Amiratou N'djambara

Personal information
- Date of birth: 10 April 1999 (age 27)
- Position: Attacking midfielder

Team information
- Current team: NBE

Senior career*
- Years: Team / Apps / (Gls)
- 2020-2022: Raja Ain Harrouda / 43 / (31)
- 2022-2025: FUS / 61 / (38)
- 2025-2026: Nita / 5 / (3)
- 2026: NBE / 1 / (1)

International career
- 2020: Togo / 12 / (2)

= Amiratou N'djambara =

Togolese footballer (born 1999)

Amiratou N'djambara (born 10 April 1999) is a Togolese footballer who plays as a midfielder or striker for NBE.

==Early life==

As a youth player, N'djambara joined the Futur Star d'Agoè academy.

==Career==

N'djambara signed for Moroccan side Club Raja Aïn Harrouda, where she was described as "impose her stamp on the playing system of their new club, to the point of becoming essential throughout the meetings, in the system of Adil Faras, the club's coach.
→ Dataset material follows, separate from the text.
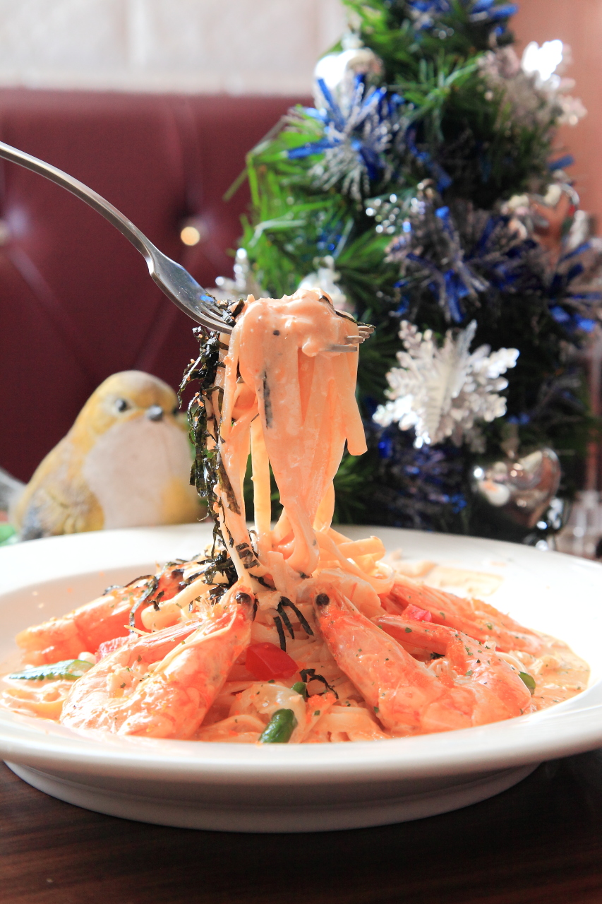 今天剛好有細扁麵,像奶油醬跟細扁麵相當搭,濃稠的奶油醬均勻的掛在麵條上,醬汁稍稍帶點粉紅色,那是鮮蝦頭的蝦紅素,可鮮的勒!

In 13 matches played, Amiratou N'djambara scored 13 goals".
In 2022, she signed for Moroccan side Fath Union Sport, where she was described as "brilliant in the league since her arrival". She was nominated for the league Best Foreign Player award.

==Style of play==

N'djambara operates as a striker or midfielder.

==Personal life==

N'djambara was born in Lomé and has regarded France international Kadidiatou Diani as her football idol.